Description of the task → Beneath this instruction is a block of data; output from it exactly the lines that run from the one containing "Карандаш механический ErichKrause" through the one containing "अपने एक ट्वीट", inclusive.

Provided material →
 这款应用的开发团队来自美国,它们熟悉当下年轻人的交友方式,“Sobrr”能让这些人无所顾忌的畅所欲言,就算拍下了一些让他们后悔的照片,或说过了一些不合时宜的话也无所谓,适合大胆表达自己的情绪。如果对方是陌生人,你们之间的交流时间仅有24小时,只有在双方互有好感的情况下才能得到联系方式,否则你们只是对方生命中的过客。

---

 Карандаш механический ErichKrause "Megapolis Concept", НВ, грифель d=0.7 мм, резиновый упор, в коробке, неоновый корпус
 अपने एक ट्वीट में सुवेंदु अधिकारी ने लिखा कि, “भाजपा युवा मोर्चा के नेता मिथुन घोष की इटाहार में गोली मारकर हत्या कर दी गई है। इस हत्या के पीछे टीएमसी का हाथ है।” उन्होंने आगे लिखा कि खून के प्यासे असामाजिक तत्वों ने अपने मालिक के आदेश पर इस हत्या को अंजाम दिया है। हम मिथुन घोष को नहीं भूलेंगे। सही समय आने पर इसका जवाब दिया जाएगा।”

Answer to this exercise →
 Карандаш механический ErichKrause "Megapolis Concept", НВ, грифель d=0.7 мм, резиновый упор, в коробке, неоновый корпус
 अपने एक ट्वीट में सुवेंदु अधिकारी ने लिखा कि, “भाजपा युवा मोर्चा के नेता मिथुन घोष की इटाहार में गोली मारकर हत्या कर दी गई है। इस हत्या के पीछे टीएमसी का हाथ है।” उन्होंने आगे लिखा कि खून के प्यासे असामाजिक तत्वों ने अपने मालिक के आदेश पर इस हत्या को अंजाम दिया है। हम मिथुन घोष को नहीं भूलेंगे। सही समय आने पर इसका जवाब दिया जाएगा।”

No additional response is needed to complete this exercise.